*** Record excerpts Section Begins ***
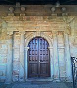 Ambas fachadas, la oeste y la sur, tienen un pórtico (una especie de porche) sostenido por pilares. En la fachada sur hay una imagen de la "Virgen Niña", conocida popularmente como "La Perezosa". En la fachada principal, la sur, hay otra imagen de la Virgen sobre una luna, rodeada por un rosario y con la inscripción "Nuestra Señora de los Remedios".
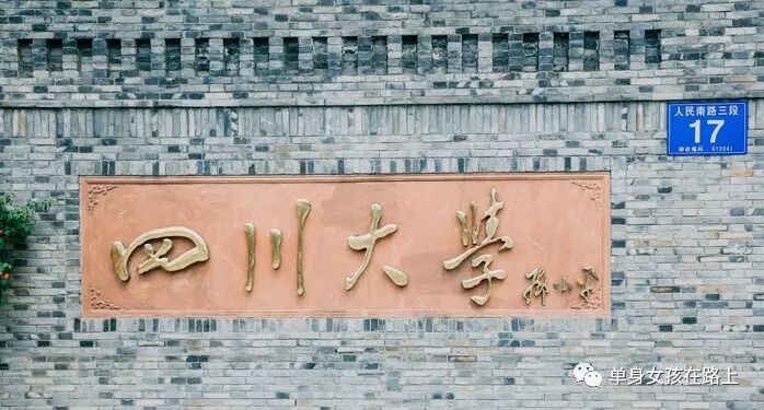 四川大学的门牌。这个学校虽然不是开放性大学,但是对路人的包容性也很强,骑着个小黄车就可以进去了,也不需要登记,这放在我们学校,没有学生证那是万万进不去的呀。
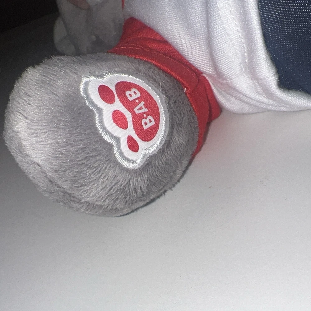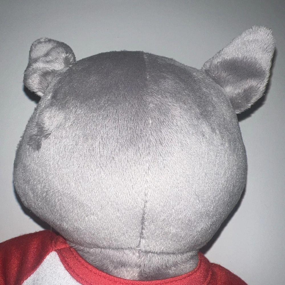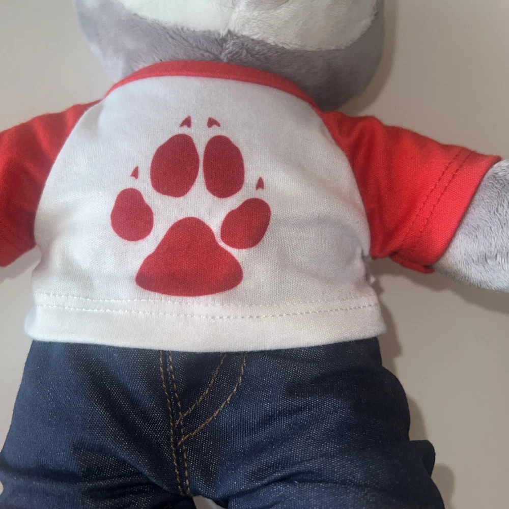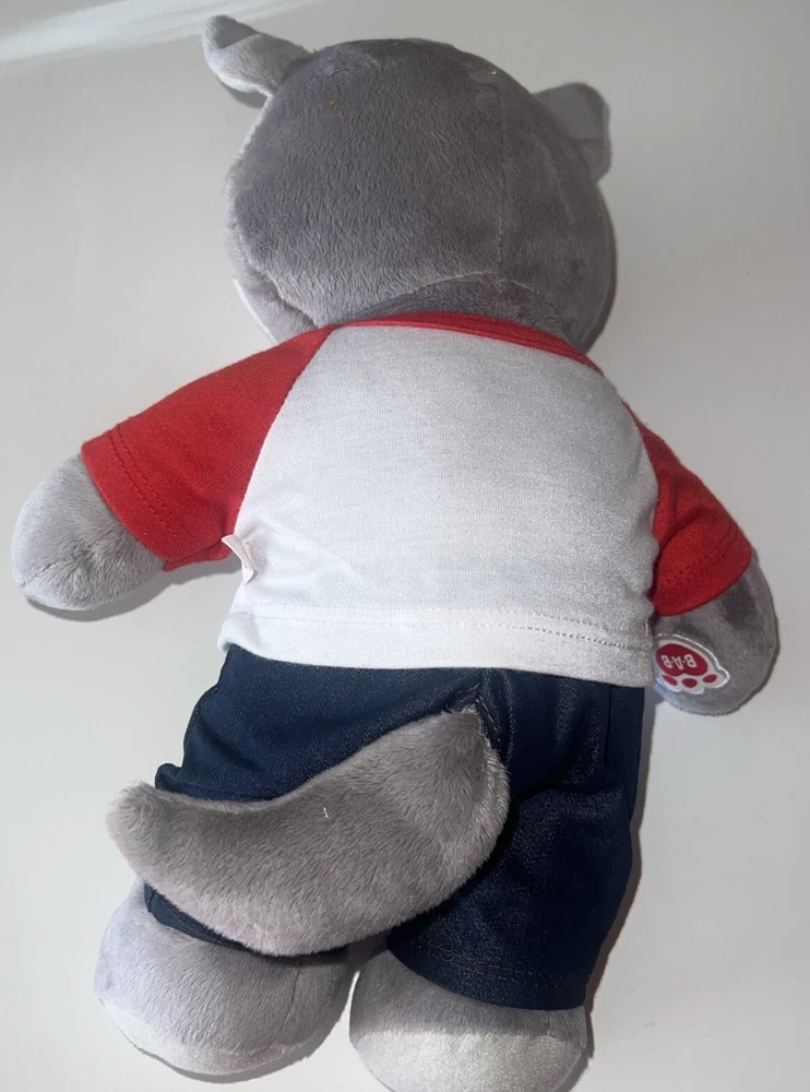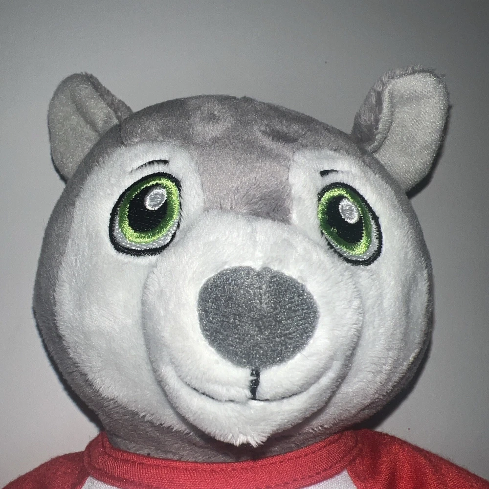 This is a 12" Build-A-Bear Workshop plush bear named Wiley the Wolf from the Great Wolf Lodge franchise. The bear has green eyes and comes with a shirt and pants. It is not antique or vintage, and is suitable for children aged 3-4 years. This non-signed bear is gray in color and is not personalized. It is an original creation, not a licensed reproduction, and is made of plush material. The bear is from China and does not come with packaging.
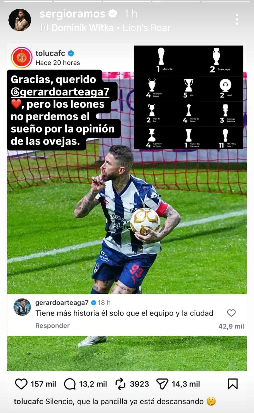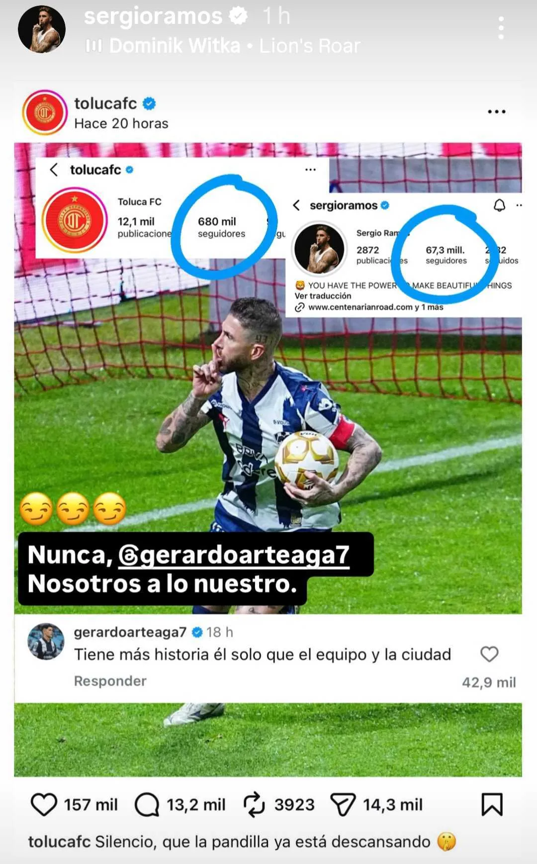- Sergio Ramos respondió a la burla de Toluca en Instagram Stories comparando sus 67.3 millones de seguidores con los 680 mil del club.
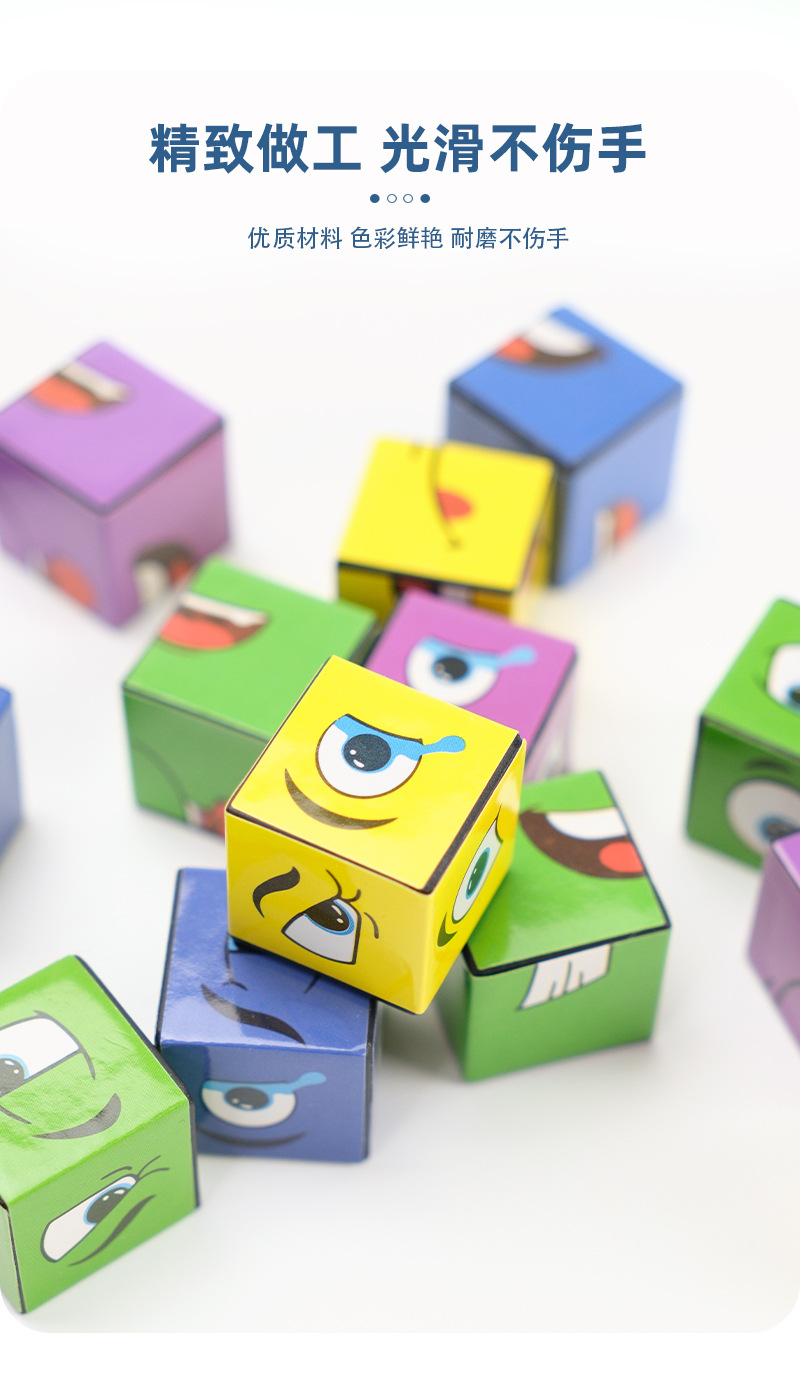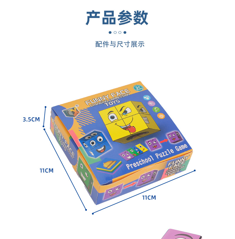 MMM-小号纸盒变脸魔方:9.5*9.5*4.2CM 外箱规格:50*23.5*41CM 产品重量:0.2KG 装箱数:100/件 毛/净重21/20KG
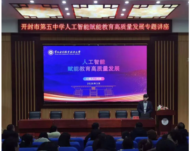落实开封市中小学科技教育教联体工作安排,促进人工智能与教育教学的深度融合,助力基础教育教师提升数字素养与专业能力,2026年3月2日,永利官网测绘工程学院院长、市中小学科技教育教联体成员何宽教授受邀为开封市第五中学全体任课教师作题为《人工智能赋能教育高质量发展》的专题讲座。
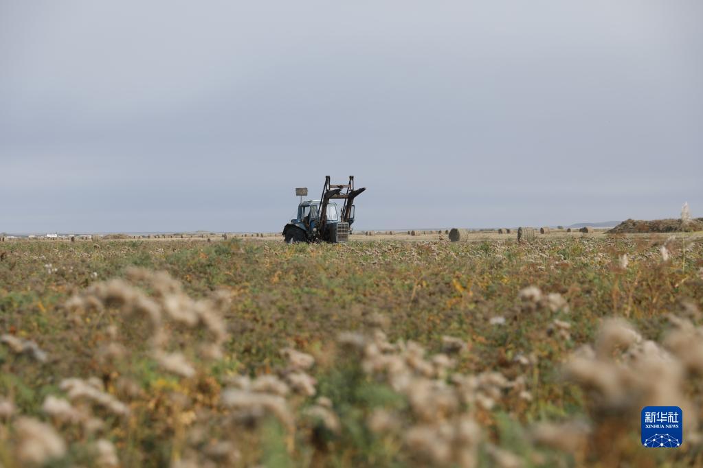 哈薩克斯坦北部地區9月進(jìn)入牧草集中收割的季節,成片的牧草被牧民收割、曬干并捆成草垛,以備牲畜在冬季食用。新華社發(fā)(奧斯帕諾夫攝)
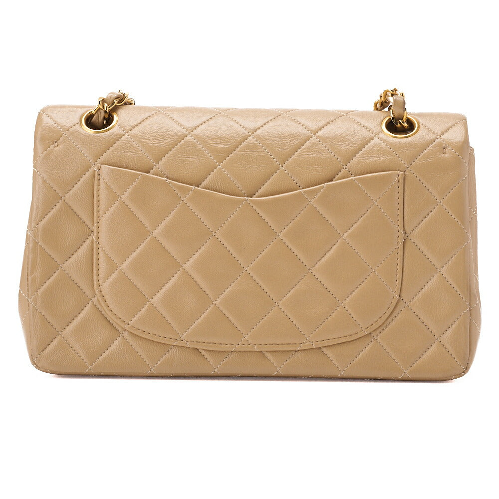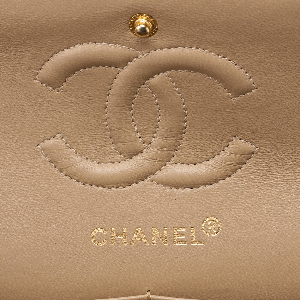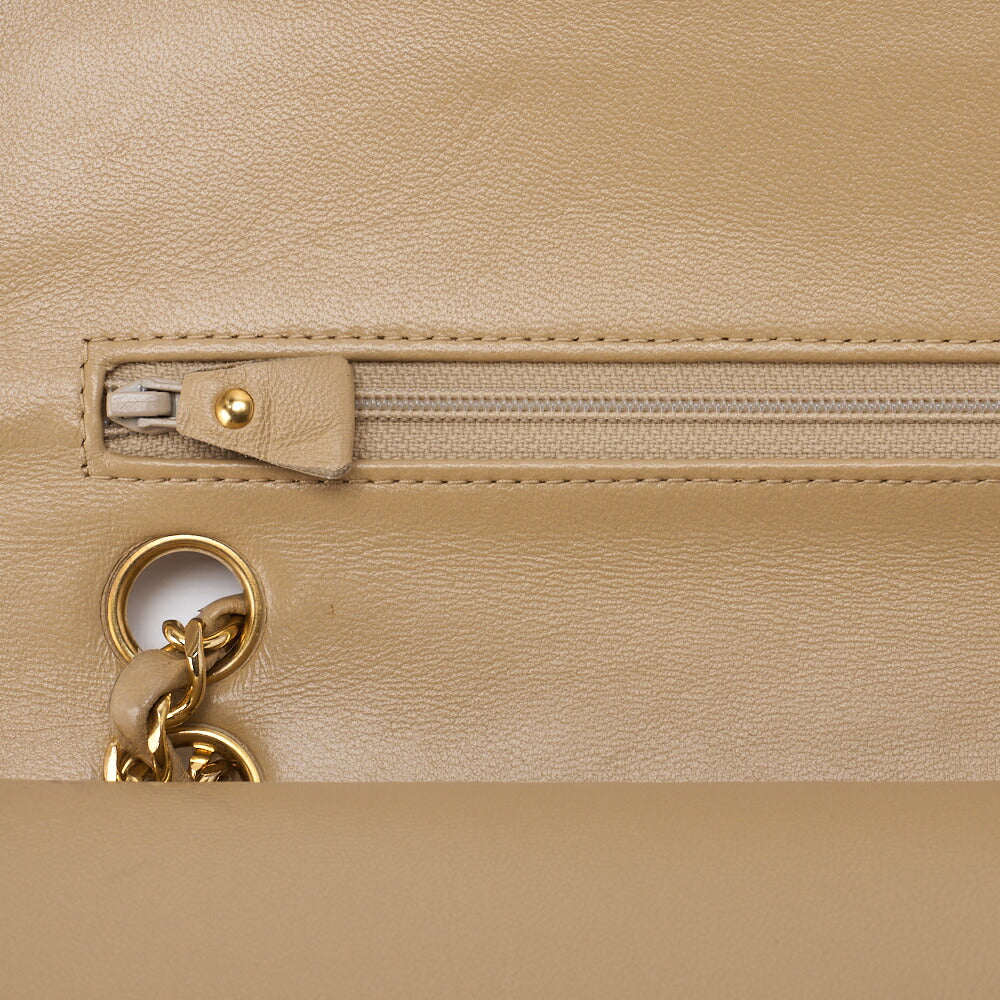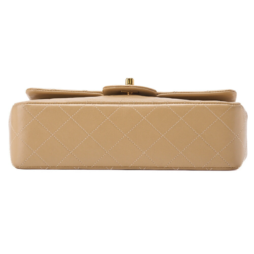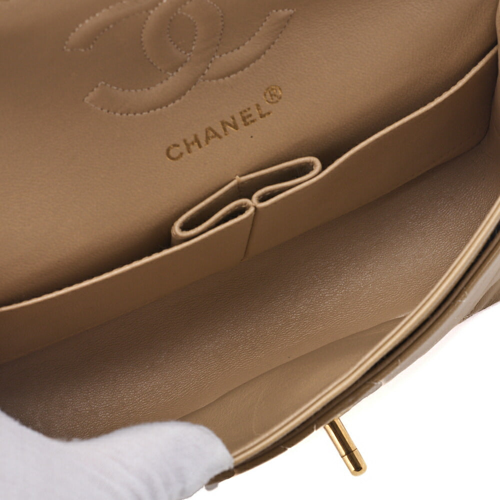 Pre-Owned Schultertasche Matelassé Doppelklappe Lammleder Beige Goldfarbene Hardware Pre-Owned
*** Record excerpts Section Ends ***
# Assigned task:
Leave the images aside and return the records above exactly as written.

# Task output:
 Ambas fachadas, la oeste y la sur, tienen un pórtico (una especie de porche) sostenido por pilares. En la fachada sur hay una imagen de la "Virgen Niña", conocida popularmente como "La Perezosa". En la fachada principal, la sur, hay otra imagen de la Virgen sobre una luna, rodeada por un rosario y con la inscripción "Nuestra Señora de los Remedios".
 四川大学的门牌。这个学校虽然不是开放性大学,但是对路人的包容性也很强,骑着个小黄车就可以进去了,也不需要登记,这放在我们学校,没有学生证那是万万进不去的呀。
 This is a 12" Build-A-Bear Workshop plush bear named Wiley the Wolf from the Great Wolf Lodge franchise. The bear has green eyes and comes with a shirt and pants. It is not antique or vintage, and is suitable for children aged 3-4 years. This non-signed bear is gray in color and is not personalized. It is an original creation, not a licensed reproduction, and is made of plush material. The bear is from China and does not come with packaging.
- Sergio Ramos respondió a la burla de Toluca en Instagram Stories comparando sus 67.3 millones de seguidores con los 680 mil del club.
 MMM-小号纸盒变脸魔方:9.5*9.5*4.2CM 外箱规格:50*23.5*41CM 产品重量:0.2KG 装箱数:100/件 毛/净重21/20KG
落实开封市中小学科技教育教联体工作安排,促进人工智能与教育教学的深度融合,助力基础教育教师提升数字素养与专业能力,2026年3月2日,永利官网测绘工程学院院长、市中小学科技教育教联体成员何宽教授受邀为开封市第五中学全体任课教师作题为《人工智能赋能教育高质量发展》的专题讲座。
 哈薩克斯坦北部地區9月進(jìn)入牧草集中收割的季節,成片的牧草被牧民收割、曬干并捆成草垛,以備牲畜在冬季食用。新華社發(fā)(奧斯帕諾夫攝)
 Pre-Owned Schultertasche Matelassé Doppelklappe Lammleder Beige Goldfarbene Hardware Pre-Owned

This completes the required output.